DATA SECTION:
—————
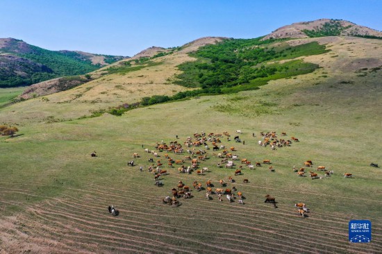 6月15日,牛群在草原上觅食(无人机照片)。
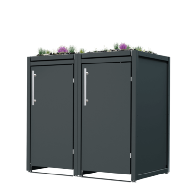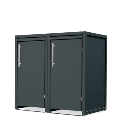 Es sieht unschön aus, die blaue und schwarze Tonne einfach so vor Ihre Haustüre stehen zu haben. Wir von Masterbox24 bieten Ihnen schöne Müllbonnenboxen in verschiedenen Größen und Materialien an. Kaufen Sie beispielsweise für Ihre Papier- oder Restmülltonne die Mülltonnenbox 2er 240 l.
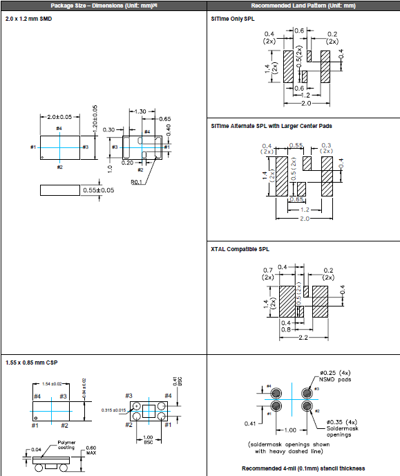 | Frequency Tolerance | 20 ppm | TA = 25°C, post reflow, Vdd: 1.5V – 3.63V. |
—————
ASSIGNED TASK:
Retype exactly, and only, the lines from the one containing "Es sieht unschön" through the end of the material, leaving aside every picture.

REPLY TO THE TASK:
 Es sieht unschön aus, die blaue und schwarze Tonne einfach so vor Ihre Haustüre stehen zu haben. Wir von Masterbox24 bieten Ihnen schöne Müllbonnenboxen in verschiedenen Größen und Materialien an. Kaufen Sie beispielsweise für Ihre Papier- oder Restmülltonne die Mülltonnenbox 2er 240 l.
 | Frequency Tolerance | 20 ppm | TA = 25°C, post reflow, Vdd: 1.5V – 3.63V. |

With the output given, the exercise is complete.